⟨

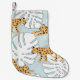 Tropical leopard animal and monstera palm leaves,e small christmas stocking
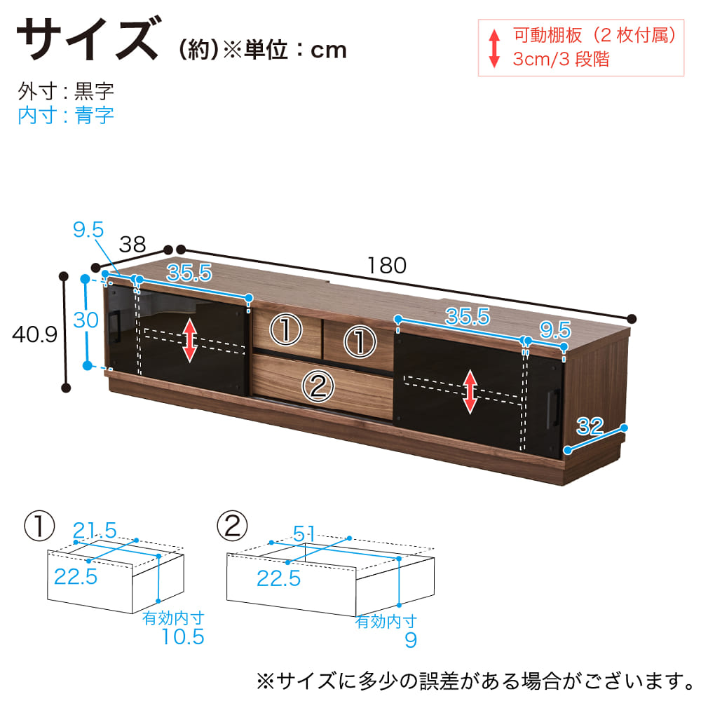 | サイズ: | 幅179.5cm ×奥行38cm ×高さ40.9cm |
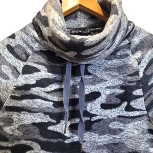 💥$6 DEREK HEART Turtle Neck w/Tie String Long Sleeve Athletic Camo Print Pullover
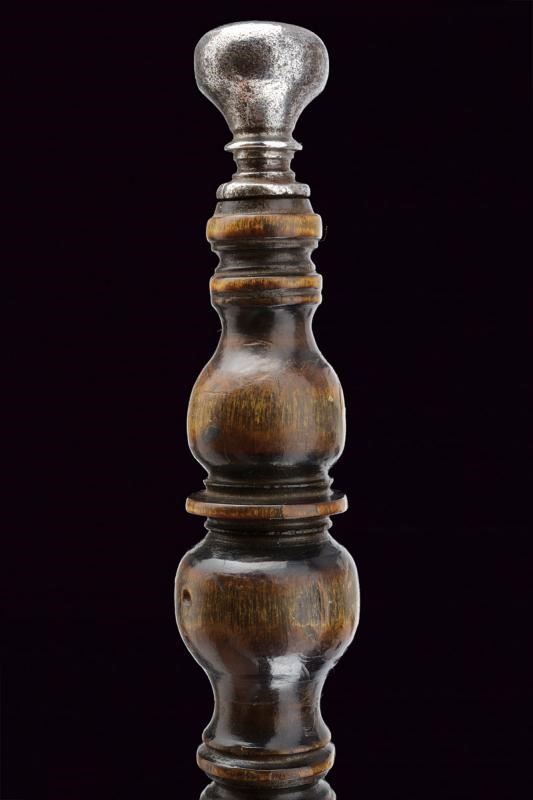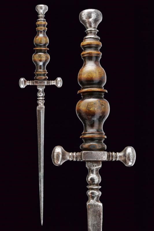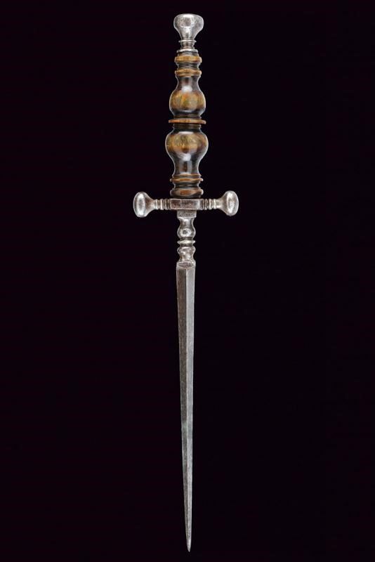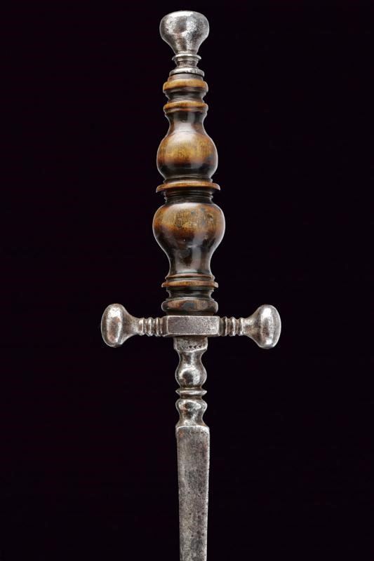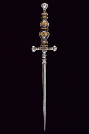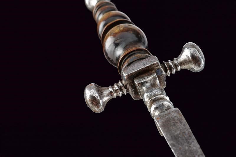 Lama dritta di sezione triangolare, decorata alla base con un disegno a puntini; doppi nodi suddivisi da un disco. Elso a bracci corti con estremità lenticolari. Pomo lavorato en suite. Bella impugnatura in corno finemente scolpita a balaustro.

⟩

* Task to carry out
The lines from the top of the data above through the one holding "Camo Print Pullover" are to be repeated exactly, and only those, with no pictures.

* Response to this exercise
 Tropical leopard animal and monstera palm leaves,e small christmas stocking
 | サイズ: | 幅179.5cm ×奥行38cm ×高さ40.9cm |
 💥$6 DEREK HEART Turtle Neck w/Tie String Long Sleeve Athletic Camo Print Pullover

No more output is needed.